L’abandon massif des secteurs traditionnels de production et la fonctionnarisation des nouvelles élites ont créé une mentalité d’assistés qui a été aggravée par l’utilisation de la politique comme source de revenus. Depuis plus de trois décennies, faire la politique est devenu payant. Pour ce qu’elle rapporte sans demander une quelconque aptitude.
Vint la sécheresse. Le premier cycle affectant la région du sud-ouest est celui de 1968. Un jour de septembre de cette année-là, plus rien n’existait.
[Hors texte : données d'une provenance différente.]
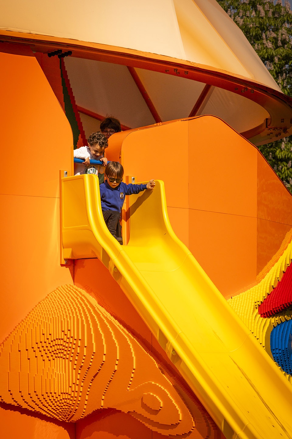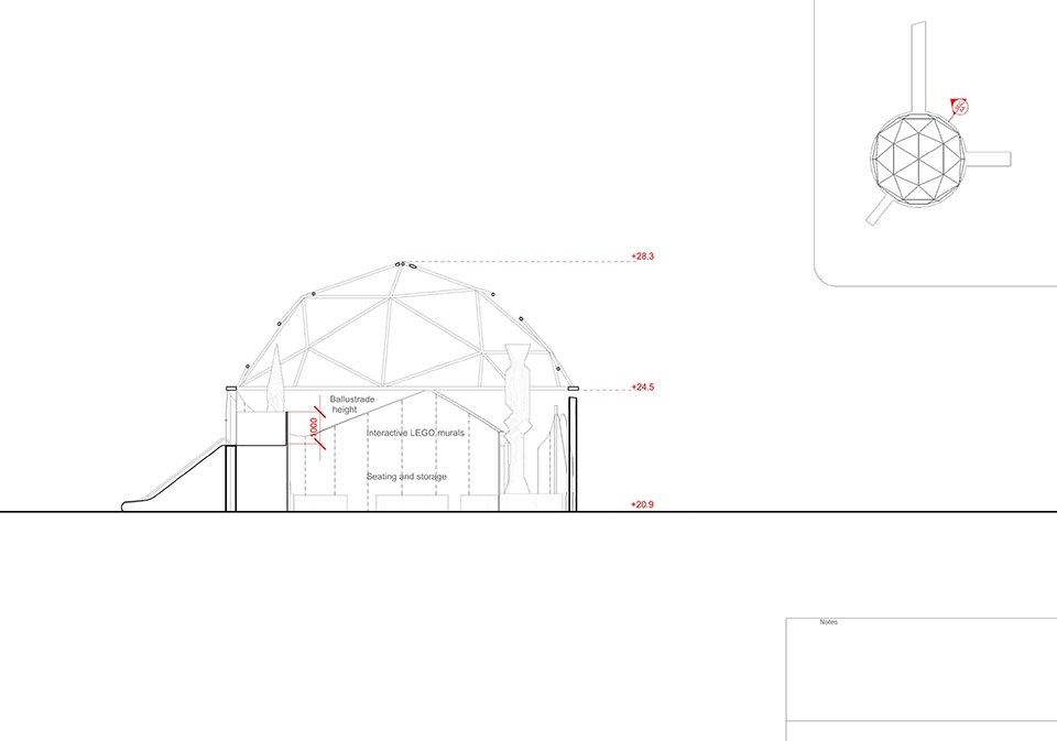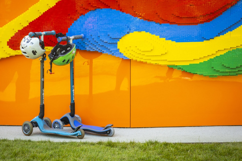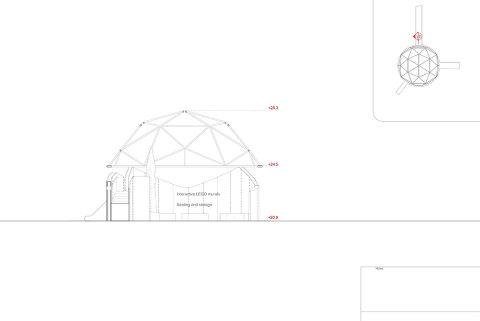 The Play Pavilion is a dome with surfaces that vary in intensity. The project involved the drawing and re-drawing and re-drawing of the pictorial elements in order to balance the hot spots and the action zones. Its colourful dome transition toward a translucent base, playing against the LEGO clad towers, each has a distinct character: either Art Deco, almost Gothic, or almost cartoon-like, and all inviting your engagement.

Bergers et cheptels survivants avaient fui plus à l’est, à la frontière du Trarza et du Brakna. «’Aam Breykilli», du nom de ce puits vers lequel se dirigeront les bêtes et les hommes pour y trouver quelques pâturages de subsistance. Cette année noire marque encore les esprits dans la région de Mederdra. Puis se succédèrent la sécheresse des années 70 et celle des années 80. A chaque fois, mouraient plus de bêtes provoquant la pauvreté de nouvelles populations, puis leur exode vers les centres urbains les plus proches.
Des villages, des parcours, des puits furent abandonnés pour les bidonvilles de Mederdra, de Rosso, de Nouakchott… Tous les prétextes étaient bons pour quitter sans donner l’impression qu’on fuyait. A la fin des années 70 et au début des années 80, le prétexte principal était de suivre les filles admises au concours d’entrée en sixième et qui devaient donc aller dans les collèges puis les lycées. A chaque étape son lot de migrants forcés.
«Ceux qui sont restés sont soit ceux qui n’ont aucun moyen d’aller, soit ceux dont l’attachement à la terre était très fort». Les premiers préféraient leurs cantonnements où le niveau de vie – si l’on peut parler de niveau de vie – leur permettait de répondre plus ou moins aux exigences de la survie. Les seconds préféraient mourir dans le terroir hérité plutôt que de grossir le rang des mendiants dans les villes. En fait, tous survivaient grâce à l’assistance de l’Etat et/ou de membres de la famille partis travailler en ville.
«Vous remarquerez que les villages ayant survécu à ces époques sombres sont aujourd’hui perdus au milieu des dunes, d’un océan de sable qui semble les recouvrir inexorablement. C’est bien parce que les habitants, véritables survivants de ces époques, ne manifestent aucune velléité à transformer, à influer sur la nature qui les entoure…» Aucune tentative de reboisement, aucune culture, aucun effort pour produire…
«Nous en sommes là. A attendre que la pluie tombe, que l’Etat déclenche de nouveaux programmes d’urgence, qu’un fils ou un cousin se rappelle notre existence…»
Fataliste, mon ami occulte le dynamisme social impulsé par l’aspiration des uns à sortir de leurs conditions, des autres à maintenir leurs positions. Ce qui oblige les uns et les autres à se surpasser… et à la société d’évoluer.